As someone who used Haskell for five years before switching to C++, seeing just mapped to monadic return and let_value mapped to bind made my entire career flash before my eyes. The paper is right that this is CPS. It's also right that most C++ developers never asked for CPS.

u/senior_cpp_dev_tired 18 points 7 hr. ago

*laughs in Boost.Asio still working fine for my use case*

u/rust_mentioned_drink 15 points 8 hr. ago

Meanwhile Rust shipped async/await, Tokio is the de facto standard runtime, and nobody argues about whether the abstraction is a sub-language. It just works.

u/actually_writes_senders 9 points 7 hr. ago

Rust doesn't target GPUs with the same abstraction. Different problem space, different solution space.

u/implementation_reality 13 points 6 hr. ago

I implemented a sender-based connection pool at work last year. Took three weeks. Reimplemented it with coroutines in four days. Both versions handle 40K concurrent connections. The coroutine version is 400 lines shorter and two junior devs can maintain it.

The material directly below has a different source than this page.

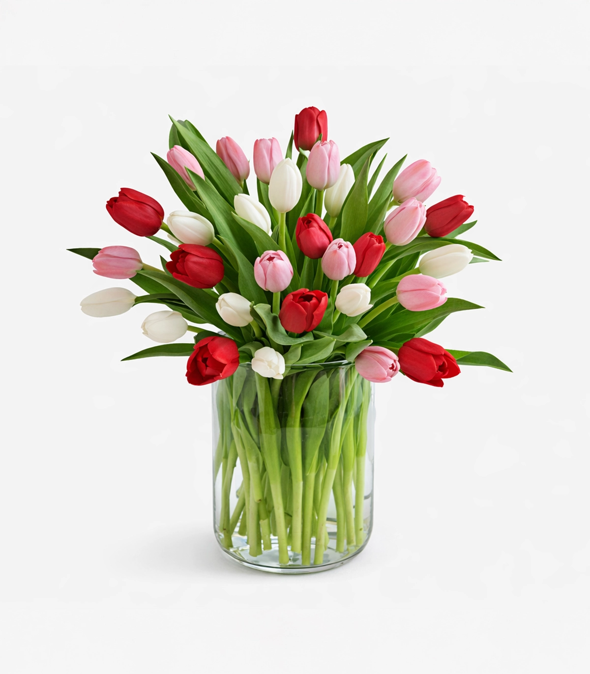 A fresh and vibrant arrangement of mixed tulips in soft shades of red, pink, and white, beautifully displayed in a clear glass vase. A joyful composition that brings color, warmth, and elegance into any space.

u/conference_talk_addict 11 points 5 hr. ago

For anyone who wants more context, watch Eric Niebler's CppCon 2024 talk on senders and Lewis Baker's symmetric transfer talk. Two different perspectives from two people who both understand the design deeply.

u/compiles_first_try 8 points 4 hr. ago

The paper acknowledges that senders are "an achievement" and says the committee should be "proud of it." That's not a hit piece. It's asking for coexistence. I don't understand why that's controversial.

u/error_code_appreciator 6 points 3 hr. ago

The "concurrent selection" row in the equivalence table being marked (absent) is doing a lot of quiet work. when_all shipped but its dual didn't. You can fork but you can't race.

u/great_another_10_years 4 points 2 hr. ago

Great, another paper that will take 10 years to get through LEWG.